As I said in Experiment in printless news, I put my newspaper on vacation hold for two weeks to see if I could live without what is, for me, a tradition and habit combined.
So how did it go?
Day One - doesn't really count because my vacation hold didn't. Hold, that is. My paper was delivered as always. While I walked the dogs I remembered how thorough and engrossing the coverage had been of the Tuscon tragedy. Would I have wanted to miss that? And in the paper I read an interesting article on the Big Horn Sheep overpasses on the highway by the Hoover Dam. This article was listed on my iGoogle, but I don't know that I would have been as interested by the headline without the photo.
Day Two - this time the vacation hold held. I had no paper intentionally for the first time in at least 20 years. AHHH!. Moment of panic. With my breakfast I read a fascinating article in the Smithsonian on the various wavelength telescopes that are perusing our universe. The article included some of the most beautiful photographs I have ever seen.
At work, I skimmed my iGoogle headlines, but nothing caught my interest.
Day Three - ate my bagel breakfast while catching up on Twitter on my phone. I tried to read comic strips on my phone but the print was way, way too small, even with readers on.
Again, the iGoogle headlines interested me not.
Day Four - in Smithsonian magazine I read an interesting article on Samuel Eliot Morrison, a World War II historian that wrote a fifteen volume History of United States Naval Operations in World War II.
News? What news.
Day Five - for some reason, in my driveway there is a copy of the East Valley Tribune. I flip through it with breakfast, thinking it will curb my news hunger. I am not impressed. And it carries hardly any comic strips. I abandon it to pore through a Leanin' Tree greeting card catalog.
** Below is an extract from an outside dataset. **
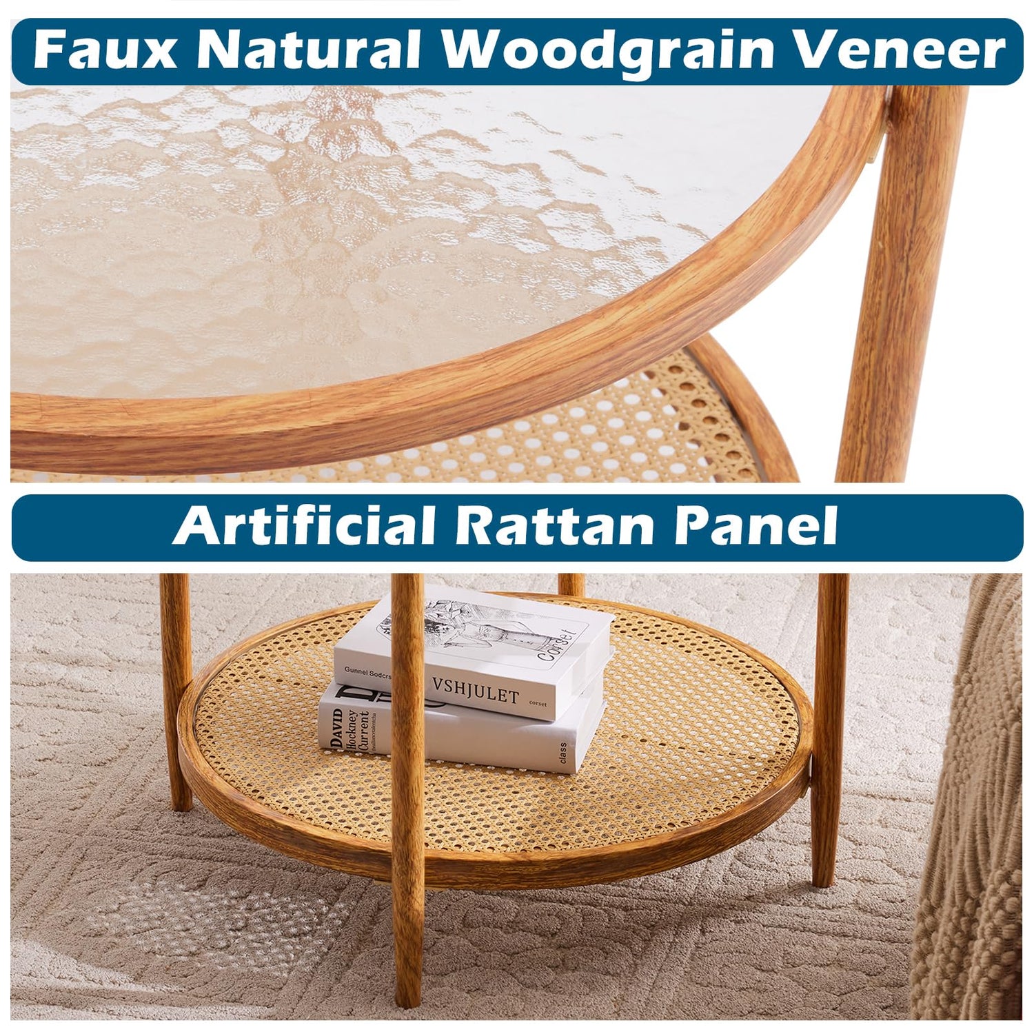 VINGLI 25.6" Rattan Coffee Table, Round Water-Wave Glass Metal Center Table, Modern Coffee Table with 2-Tier Storage, Farmhouse Circular Coffee Table for Living Room and Small Space, Natural Vibe
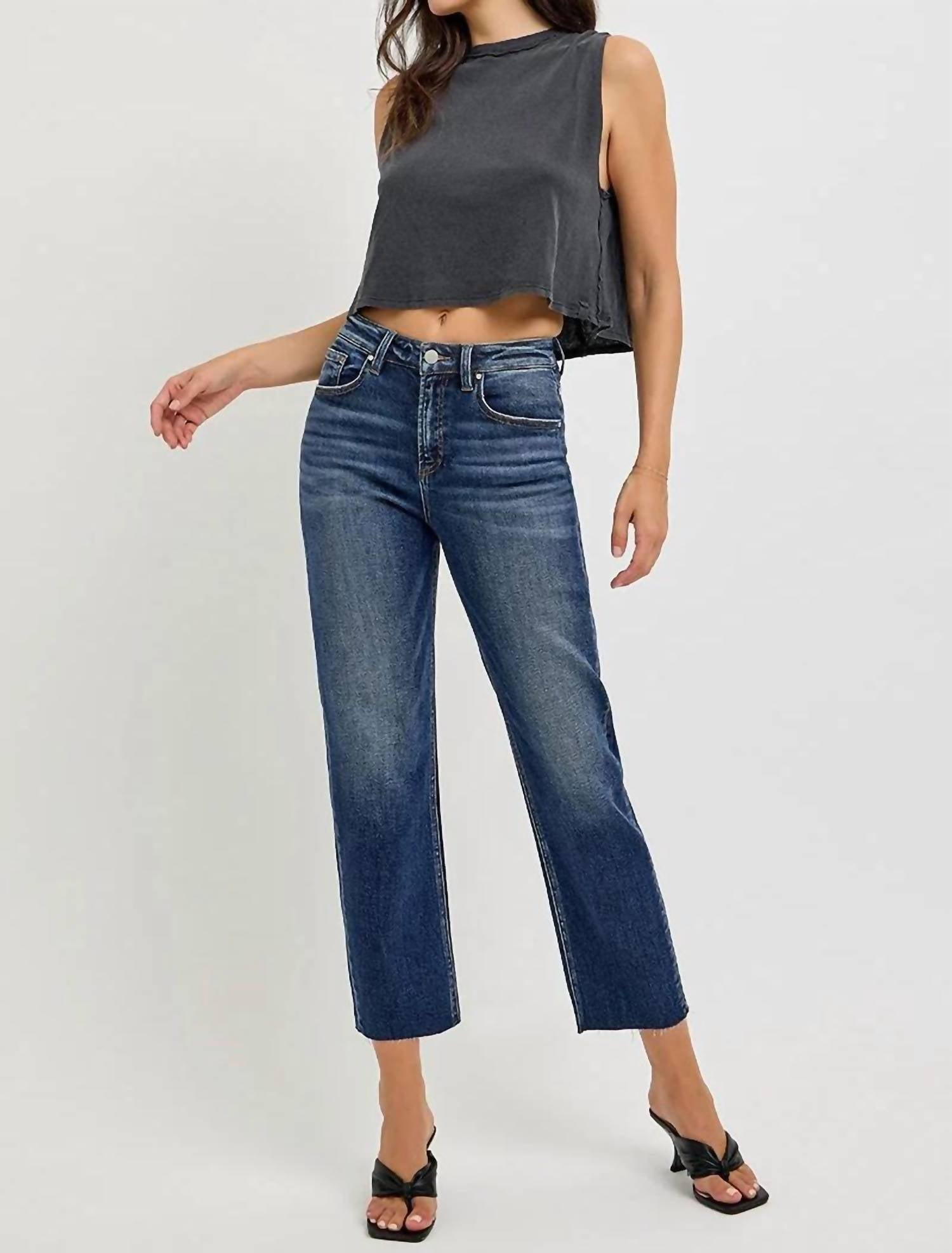 Risen - Tummy Control High Rise Crop Straight Jeans

At work, I overhear a conversation about Charlie Sheen's spectacular, incoherent rant and check it out on-line. Maybe news by water cooler can keep me current?
Day Six - I am starting to feel uninformed and disconnected. I miss the columnists I read daily and weekly. I soothe myself with the new issue of SyFy magazine.
Day Seven - Sunday. I am lost without my paper. The Sunday issue is full of fluff and folderol that I don't read, but it has my Sunday comics, the Brand column (which I can't find on-line), and the pet of the week. I read part of Mental Floss magazine with breakfast.
Afterward, I decide to order the net book I have been contemplating. Perhaps I can use it to read the news with my breakfast.
Printless does not have to mean news less.